====== The data ======
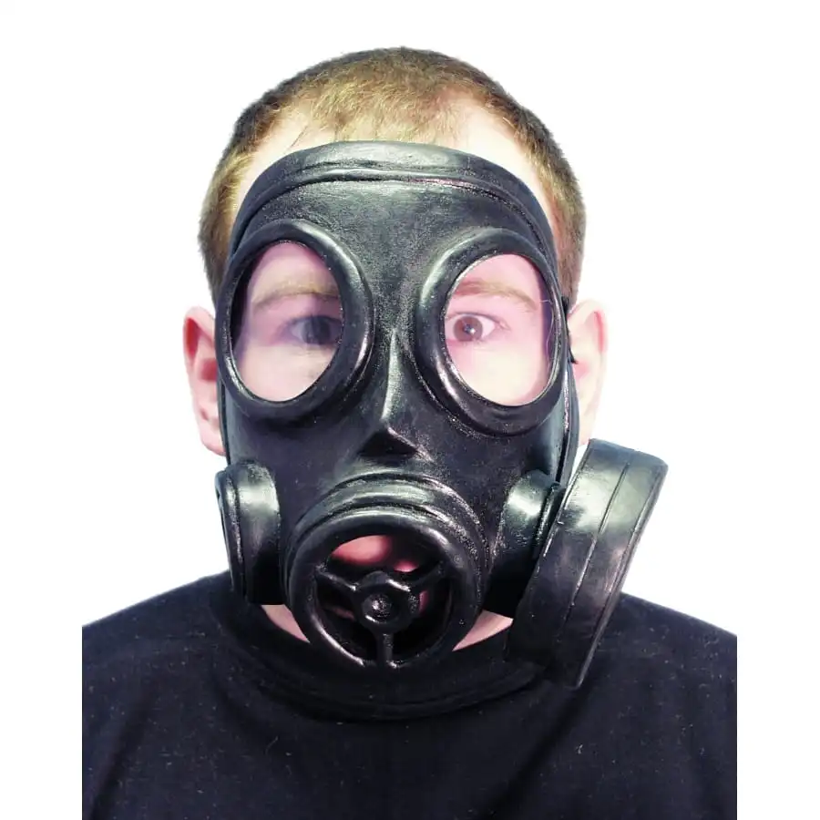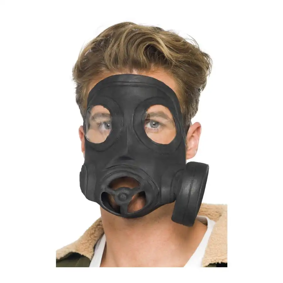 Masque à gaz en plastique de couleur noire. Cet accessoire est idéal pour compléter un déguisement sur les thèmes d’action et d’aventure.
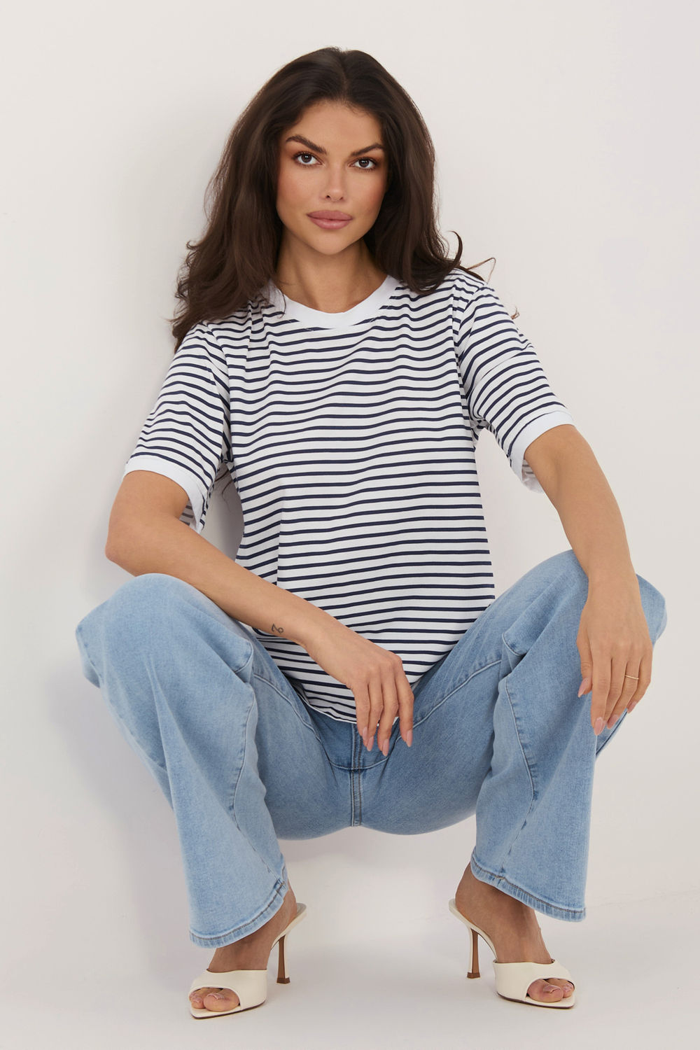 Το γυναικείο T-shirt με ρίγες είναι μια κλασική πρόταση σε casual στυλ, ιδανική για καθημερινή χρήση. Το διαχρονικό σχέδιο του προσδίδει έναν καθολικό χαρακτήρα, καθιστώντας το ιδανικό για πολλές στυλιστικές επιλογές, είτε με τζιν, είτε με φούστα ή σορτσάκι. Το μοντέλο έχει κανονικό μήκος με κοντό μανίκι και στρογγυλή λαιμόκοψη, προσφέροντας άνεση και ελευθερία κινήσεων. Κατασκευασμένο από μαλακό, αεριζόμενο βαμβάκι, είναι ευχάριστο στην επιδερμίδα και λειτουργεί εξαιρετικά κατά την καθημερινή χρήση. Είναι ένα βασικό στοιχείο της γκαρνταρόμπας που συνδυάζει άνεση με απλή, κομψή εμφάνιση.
======
====== The data ======
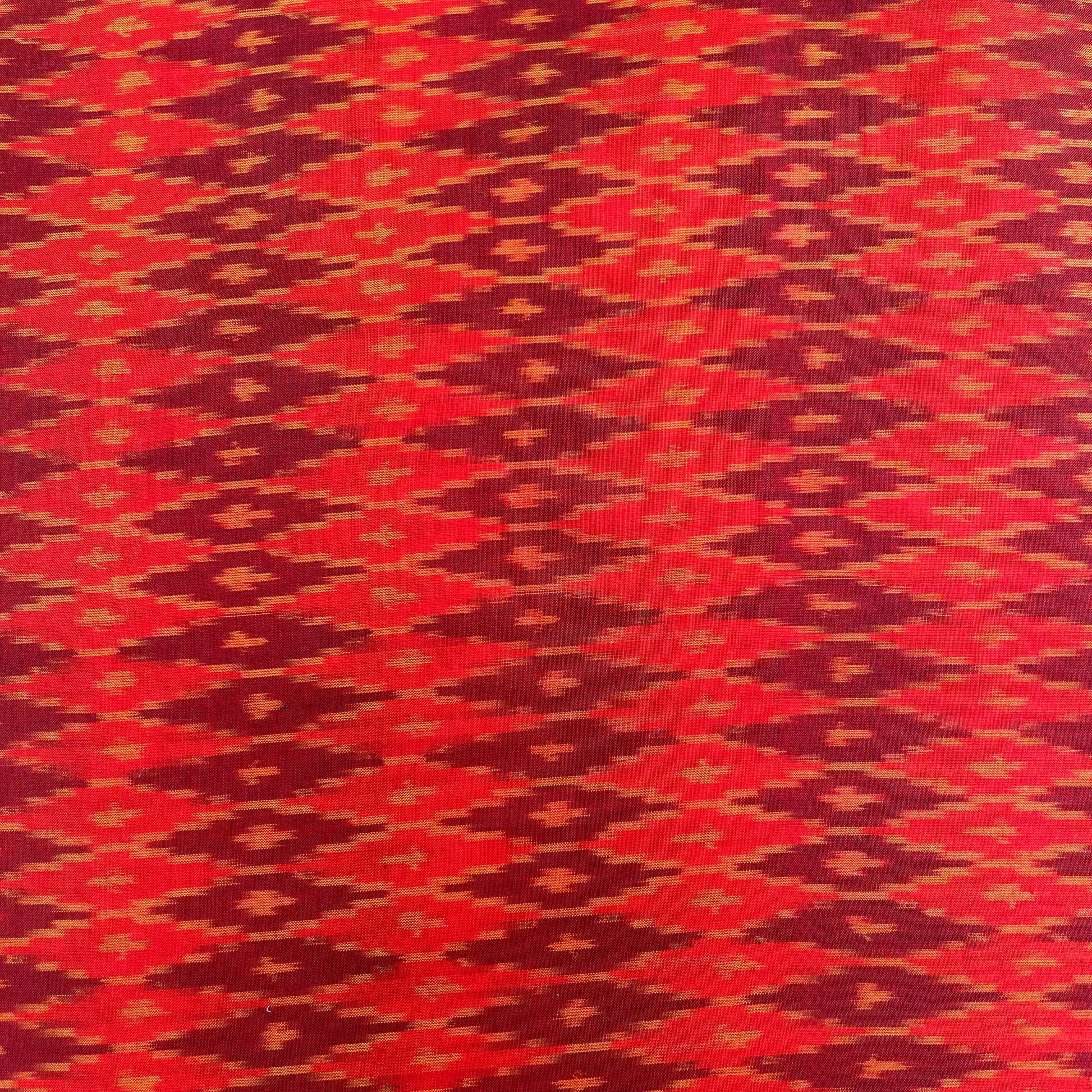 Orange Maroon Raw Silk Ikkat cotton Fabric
======
To do —
Look above for the line with "Masque à gaz" and the line with "Το γυναικείο T-shirt". Output those two and everything between them exactly, pictures excluded.

Exercise response —
 Masque à gaz en plastique de couleur noire. Cet accessoire est idéal pour compléter un déguisement sur les thèmes d’action et d’aventure.
 Το γυναικείο T-shirt με ρίγες είναι μια κλασική πρόταση σε casual στυλ, ιδανική για καθημερινή χρήση. Το διαχρονικό σχέδιο του προσδίδει έναν καθολικό χαρακτήρα, καθιστώντας το ιδανικό για πολλές στυλιστικές επιλογές, είτε με τζιν, είτε με φούστα ή σορτσάκι. Το μοντέλο έχει κανονικό μήκος με κοντό μανίκι και στρογγυλή λαιμόκοψη, προσφέροντας άνεση και ελευθερία κινήσεων. Κατασκευασμένο από μαλακό, αεριζόμενο βαμβάκι, είναι ευχάριστο στην επιδερμίδα και λειτουργεί εξαιρετικά κατά την καθημερινή χρήση. Είναι ένα βασικό στοιχείο της γκαρνταρόμπας που συνδυάζει άνεση με απλή, κομψή εμφάνιση.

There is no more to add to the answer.